> [What to do] Return only the lines of the data below from the line with "Classic fudgy brownies" up to and including the line with "Душевой уголок RGW", exactly as written, with the pictures omitted.

Source records
★ ★ ★
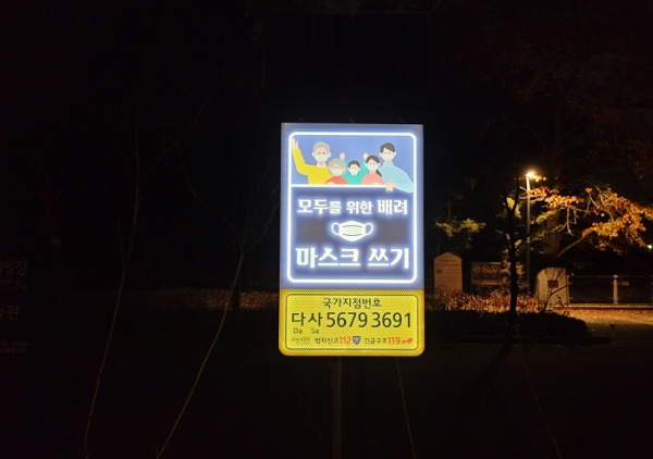 서울대공원에서 설치한 국가지점번호판은 야간에도 식별이 가능하도록 조명 대신 태양열을 이용해 효율적으로 번호판이 잘 보이도록 했다. 더불어 이번 설치한 국가지점번호판에는 코로나19 일상화에 따른 생활 속 마스크쓰기 독려 문구도 함께 넣어 시민들이 야외공원 이용시에도 보건수칙을 잘 지키도록 했다.
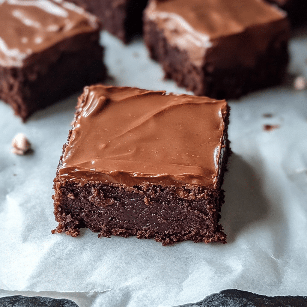 Classic fudgy brownies topped with a rich, creamy chocolate frosting. These brownies are moist and perfectly sweet, making them a favorite for any occasion.
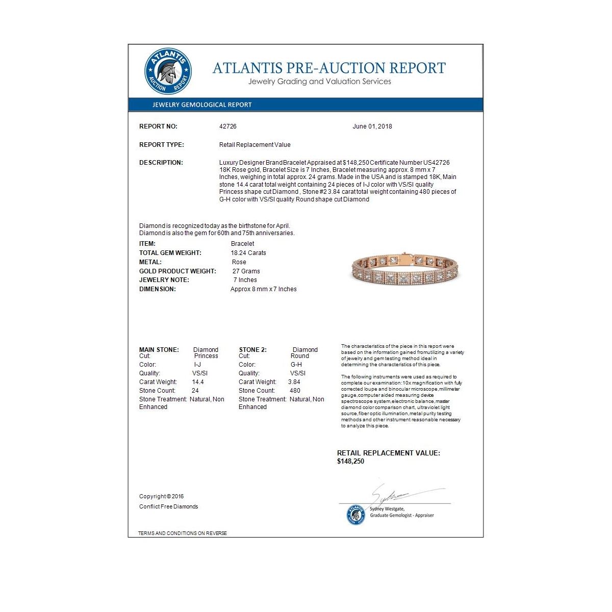 REF-3369Y8K -42726 ---- 18.24 CTW Princess Diamond Designer Bracelet 18K Rose Gold ---- Luxury Designer Brand Bracelet Appraised at $148,250 Certificate Number US42726 18K Rose gold, Bracelet Size is 7 Inches, Bracelet measuring approx. 8 mm x 7 Inches, weighing in total approx. 24 grams. Made in the USA and is stamped 18K, Main stone 14.4 carat total weight containing 24 pieces of I-J color with VS/SI quality Princess shape cut Diamond , Stone #2 3.84 carat total weight containing 480 pieces of G-H color with VS/SI quality Round shape cut Diamond
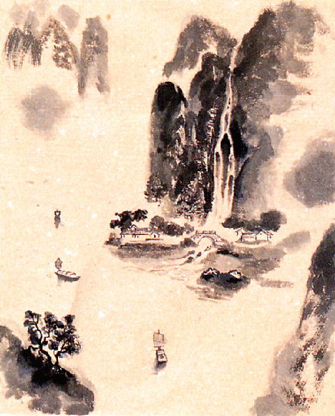 もう一つの作品、再生紙の水墨画です。 この作品に対して、フランス人のオリビエ氏は「中国の技法を使ったもので、新しいところがない。」と、まったく関心を示さなかったのですが、上の作品については絶賛してくれました。 |
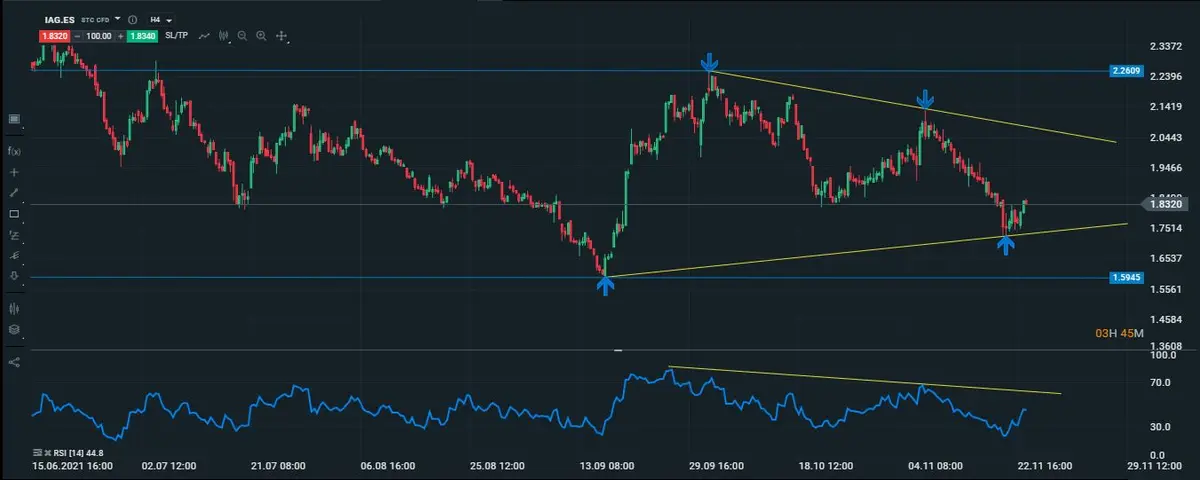 Gráfico actualizado de la compañía IAG en una temporalidad intradiaria
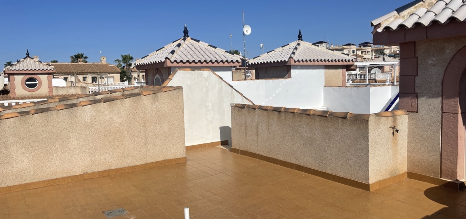 This property has ample outdoor spaces to choose from, encouraging you to embrace outdoor living. There is a good size low maintenance front garden with off road parking, a private internal courtyard located off the living and dining area with a set of external stairs leading to a very spacious roof top solarium. On the solarium there is a turret style room which can be used as a kitchen or a bar area, both being ideal to have easy access to cool drinks and snacks while sunbathing on those many warm sunny days. Alternatively this room could also be used as an additional storage room.
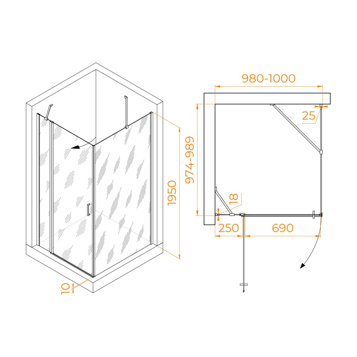 Душевой уголок RGW LE-044 (LE-004+Z-14) 1000x1000
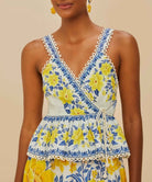 Embrace the vibrant spirit of summer with the Off-White Zuli Sleeveless Blouse by FARM Rio. This playful piece features a V neckline that elegantly complements its sunny floral patterns in cheerful yellows and deep blues. Delicate eyelet lace trims add a touch of whimsy, while the flattering silhouette whispers of sunny days and carefree adventures. Perfect for adding a splash of color and joy to any moment.
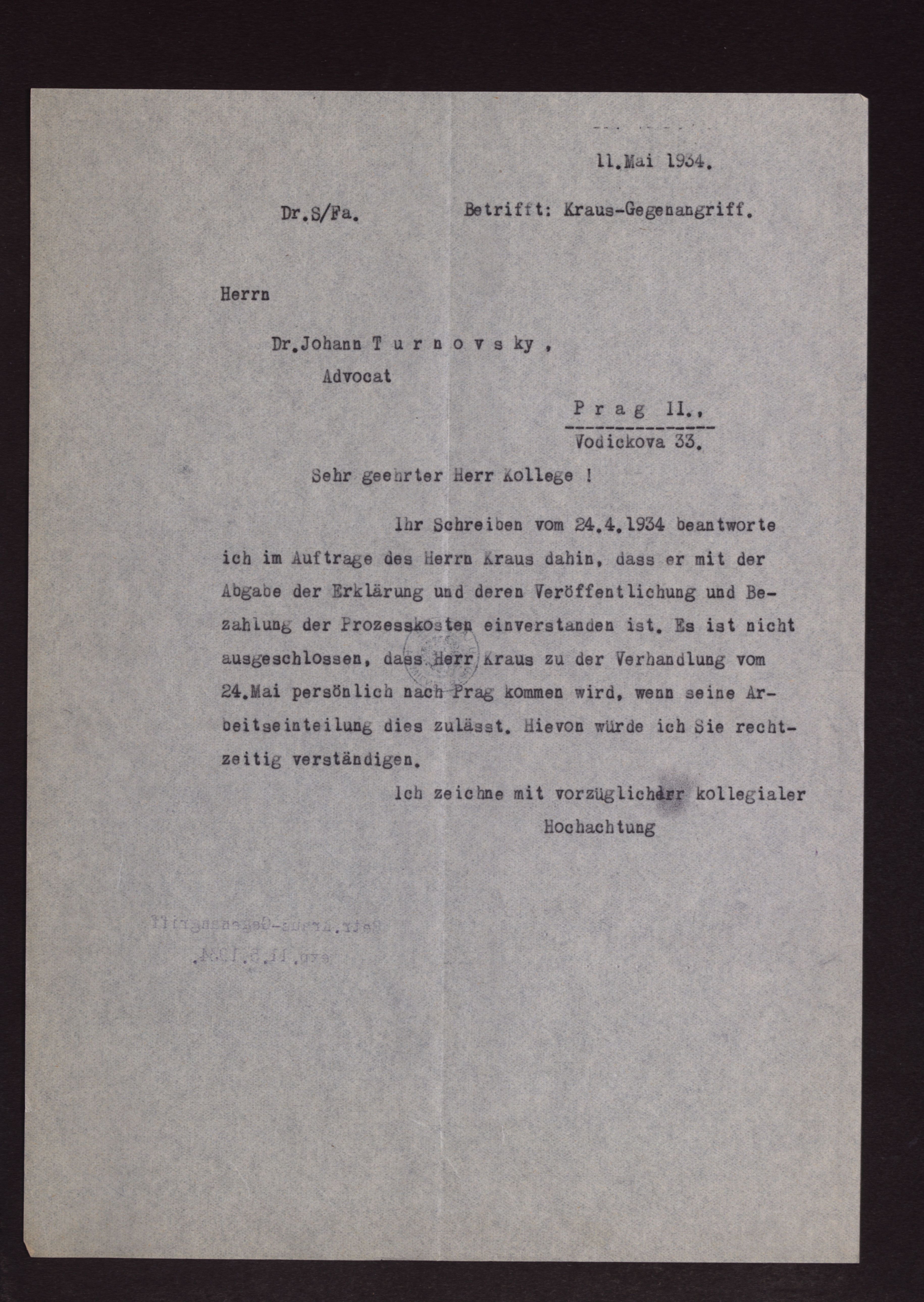 Signatur: ZPH 1545 - 189.46.Anzahl der Seiten: 1Hauptnummer: 189Nebennummer: 46Datum: 11.05.1934 >> Karl Kraus ca. Gegen-Angriff
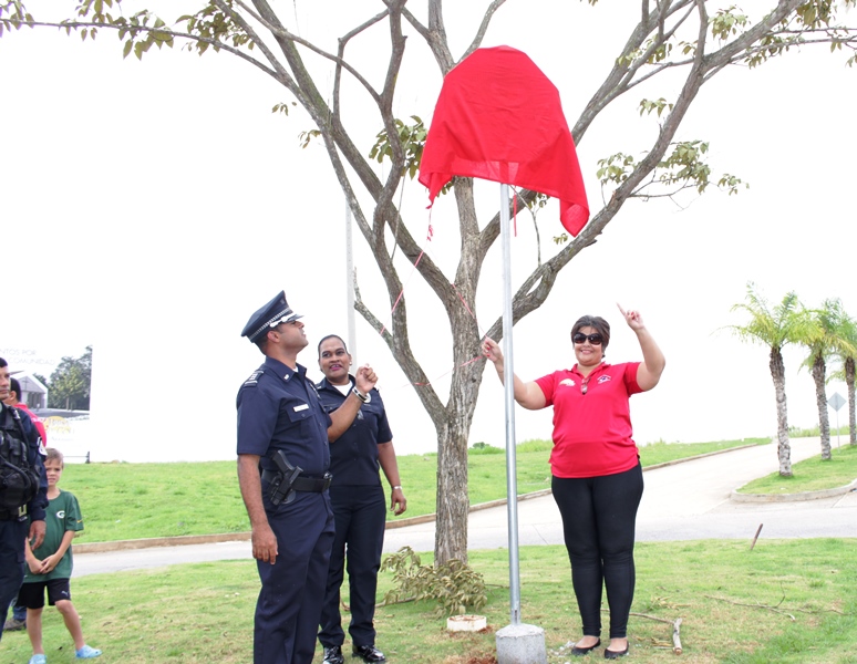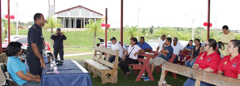 Cinco calles de la Urbanización Brisas del Golf en Arraiján, se sumaron este domingo 17 de septiembre a los programas preventivos de la Policía Nacional para combatir de la mano los hechos delictivos. La ceremonia de inauguración fue presidida por el Capitán Ricardo Davis, en representación del Jefe de la Zona, quien felicitó a los residentes por la acertada decisión de unirse a los programas preventivos y los instó a continuar manteniendo la comunicación entre vecinos y la Policía Nacional y a poner en práctica las recomendaciones brindadas por el personal de Seguridad Ciudadana y a hacer buen uso de los implementos de seguridad. El acto contó con la asistencia de la Profesora Mónica Clark, en representación de la Directiva distrital de los programas de Seguridad Ciudadana, funcionarios de la Alcaldía de Arraiján y representantes de las calles 10,11,12,13, y 19. |
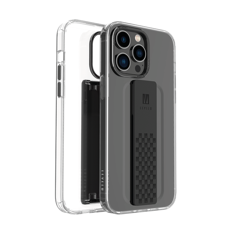 غطاء Levelo Graphia IMD الشفاف مع قبضة إضافية لهاتف iPhone 14 Pro - أسود
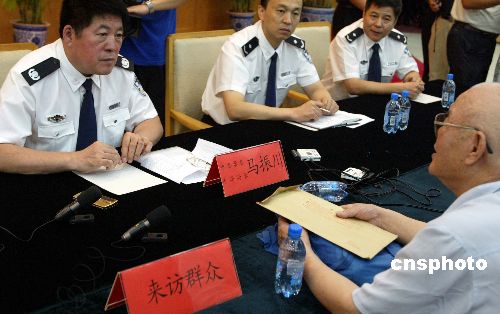 八月十八日,北京市公安局局长马振川(左)接待来访的京城市民,倾听来访民众反映的实际问题。今天,北京警方共设立了二十个接待点集中接待来访市民。作者:任海霞
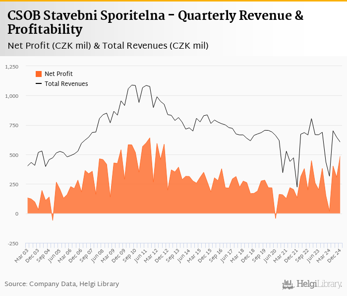 CSOB Stavebni Sporitelna made a net profit of CZK 488 mil under revenues of CZK 604 mil in the fourth quarter of 2024, up 223% and 38.5% respectively when compared to the same period last year.
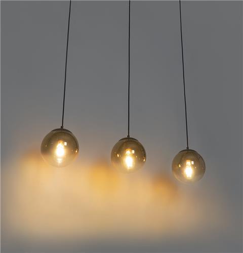Creëer een sfeervolle ambiance boven je eettafel met de QAZQA Pallon hanglamp. Deze Art Deco hanglamp bestaat uit drie glazen bollen afgewerkt in een elegante combinatie van zwart en goud, wat zorgt voor een warm en stijlvol lichteffect in je eetkamer. De lamp is ideaal voor boven de eettafel in je woonkamer, slaapkamer of keuken.
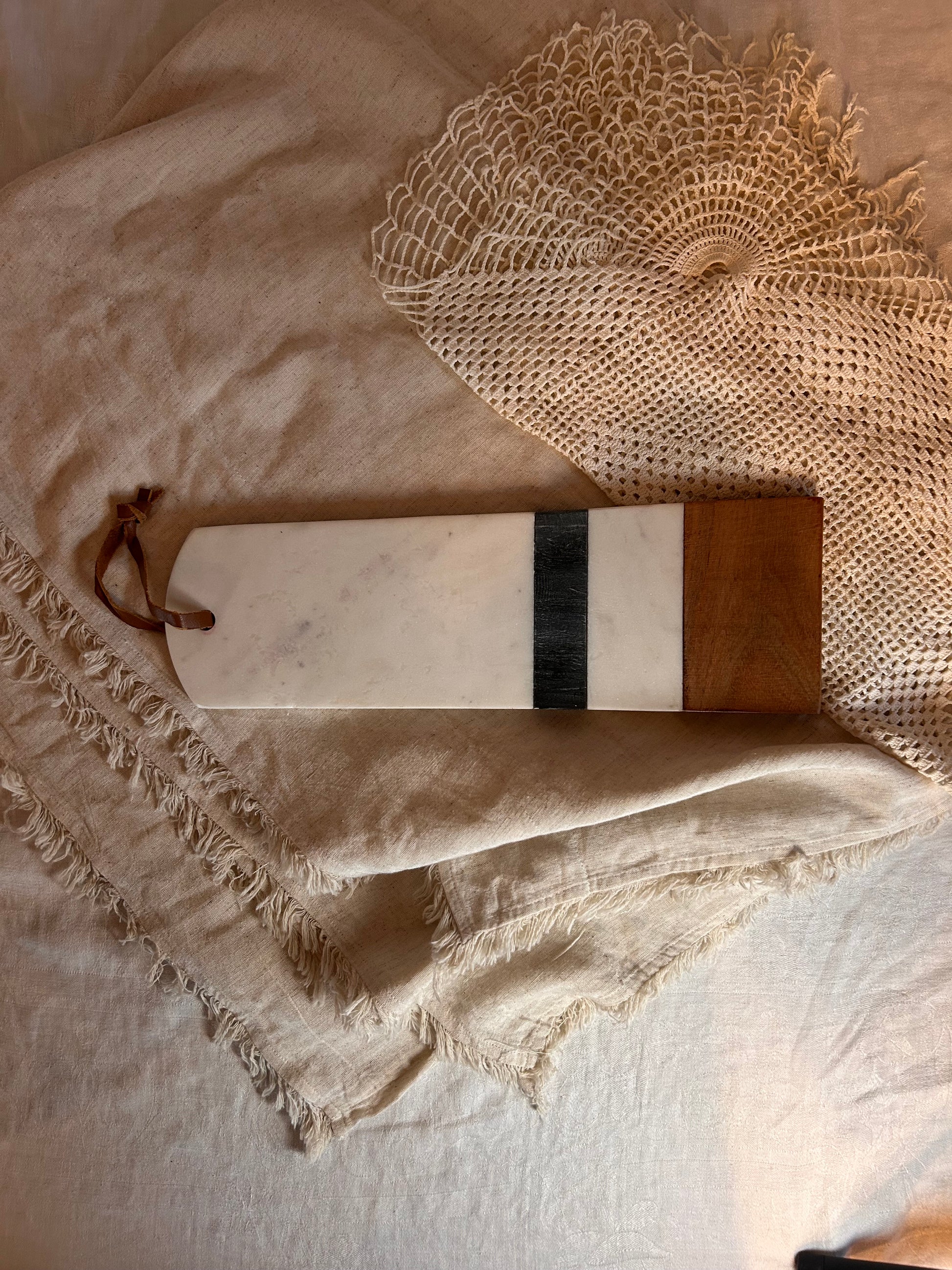Elevate the aesthetic of your modern farmhouse kitchen with this exquisite cutting board. Crafted from a blend of solid white and black marble, seamlessly fused with mango wood, this board is ideal for all of your food preparation and serving needs. The addition of a leather hanger adds a touch of elegance. This food-safe board not only serves as a functional piece, but also a stylish and decorative element for your kitchen.
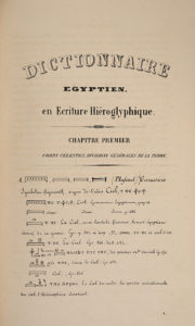 Édition originale de ce célèbre dictionnaire, ouvrage qui fait la synthèse de toutes les recherches et de tous les travaux effectués par Champollion sur l'ancienne écriture des Égyptiens.
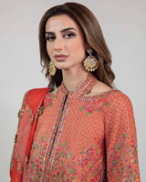 • Embroidered Sleeves spray on Dark Orange (Lawn) 2 Pieces
★ ★ ★
> [Task output]
 Classic fudgy brownies topped with a rich, creamy chocolate frosting. These brownies are moist and perfectly sweet, making them a favorite for any occasion.
 REF-3369Y8K -42726 ---- 18.24 CTW Princess Diamond Designer Bracelet 18K Rose Gold ---- Luxury Designer Brand Bracelet Appraised at $148,250 Certificate Number US42726 18K Rose gold, Bracelet Size is 7 Inches, Bracelet measuring approx. 8 mm x 7 Inches, weighing in total approx. 24 grams. Made in the USA and is stamped 18K, Main stone 14.4 carat total weight containing 24 pieces of I-J color with VS/SI quality Princess shape cut Diamond , Stone #2 3.84 carat total weight containing 480 pieces of G-H color with VS/SI quality Round shape cut Diamond
 もう一つの作品、再生紙の水墨画です。 この作品に対して、フランス人のオリビエ氏は「中国の技法を使ったもので、新しいところがない。」と、まったく関心を示さなかったのですが、上の作品については絶賛してくれました。 |
 Gráfico actualizado de la compañía IAG en una temporalidad intradiaria
 This property has ample outdoor spaces to choose from, encouraging you to embrace outdoor living. There is a good size low maintenance front garden with off road parking, a private internal courtyard located off the living and dining area with a set of external stairs leading to a very spacious roof top solarium. On the solarium there is a turret style room which can be used as a kitchen or a bar area, both being ideal to have easy access to cool drinks and snacks while sunbathing on those many warm sunny days. Alternatively this room could also be used as an additional storage room.
 Душевой уголок RGW LE-044 (LE-004+Z-14) 1000x1000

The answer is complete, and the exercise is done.